Because the light chain is more variable across different species?
Yeah, it's more variable. It's not repetitive at all. Of course, we don't know whether every variety of silk has a light chain, but I bet they do.
How difficult would it be to detect those differences in the light chain via mass spec?
Well, there is a lot of silk, so there's a lot of material you can get, even with an archaeological sample. Suppose you have a couple micrograms; for people who do this work, that's a lot of protein. You consider the whole textile is made out of silk, so one little fiber like that is not very much. I think you could get plenty of material to do this and then if you chop off the light chain – the light chain is only 260 amino acid residues or something, it's very small – you chop that up, and I think it's quite doable. My guess is if everything is set up and going you could probably do it in a couple of days. But no one has done the controls and things like that.

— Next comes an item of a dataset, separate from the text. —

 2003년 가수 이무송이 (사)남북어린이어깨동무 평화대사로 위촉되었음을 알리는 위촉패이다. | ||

So the real challenge is putting together the reference samples to compare the ancient samples to?
Well, what you would have to do is get three or four reference samples of silk, which is easy to do, because those exist already. Then you have to figure out the best conditions for separating out the heavy and light chains. And when I talked to the people last year they tried some things, but they aren't protein chemists, so I think you have to work out the right conditions. It might take you a little time to work those out, but once you had that then I think you could probably analyze a whole bunch of things very quickly.
What specific questions do the researchers hope to answer with this project?

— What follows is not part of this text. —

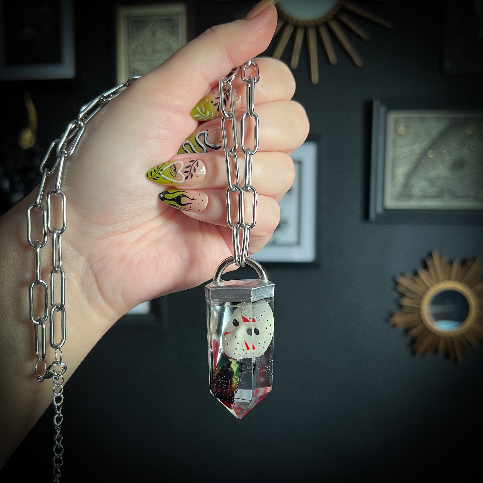 Discover the eerie elegance of our handmade crystal curio necklaces - each one a one-of-a-kind pendant encapsulating gothic charm with moths, butterflies, moss, gemstone shards, clay skulls and other tiny oddities. Darkly whimsical and beautifully macabre, these pieces are perfect for lovers of the strange, mystical and otherworldly.

Well, they get fragments of silk textiles from all over the place, and I think one question is – especially in the old days, thousands of years ago – did they always use the same species of silkworm or were there others? Nobody knows. And I think you could take these samples and it may turn out they are all the same, but maybe not.
So this is an open question in the field?
I don't think anybody has asked the question. Or, you can ask the question, but if you don't know how to go about solving it then you can't do much.
How did you move into this area of research?
In 1999 my research group was getting smaller, and I decided I wanted to do something different, and I had always had an interest in art and so I did a sabbatical at the Metropolitan Museum of Art in New York. Then I came back and a new graduate student came to talk to me, and I told her I wasn't going to take any more graduate students, but it turned out she was interested in art, too, and so we sort of cooked up a project, something we could do that combined chemistry and art. That's when we got into using LC-MS for dye analysis. No one had used LC-MS [for that before.] And it kind of blossomed. We did a lot of stuff using that technique and discovering things about dyes that nobody knew about before.
What sorts of things did LC-MS help you discover about dyes?
Well, one thing is, these are natural dyes, not synthetic dyes, and most of them come from plants. And during the biosynthesis of these colored compounds there usually are present glycosites and sugars attached to them, but the standard method people had used in the past for analyzing dyes was to treat it with strong acid, which took off all the sugars, and so you lost the information that you would get if you analyzed the whole molecule with the sugar attached. To analyze the sugars you can't use the old methods, and this is where the mass spectrometry came in. Using mass spectrometry makes a big difference in what you can learn about these mixtures, so we introduced a way of extracting the dyes and maintaining the sugars and also analyzing them using mass spectrometry.
So one of my goals is to create sort of a fingerprint library. We've collected plant materials from all over the place. We have several hundred of them now. And we can get profiles, fingerprints of all these dyes, so if you have something from a textile you can figure out where it came from.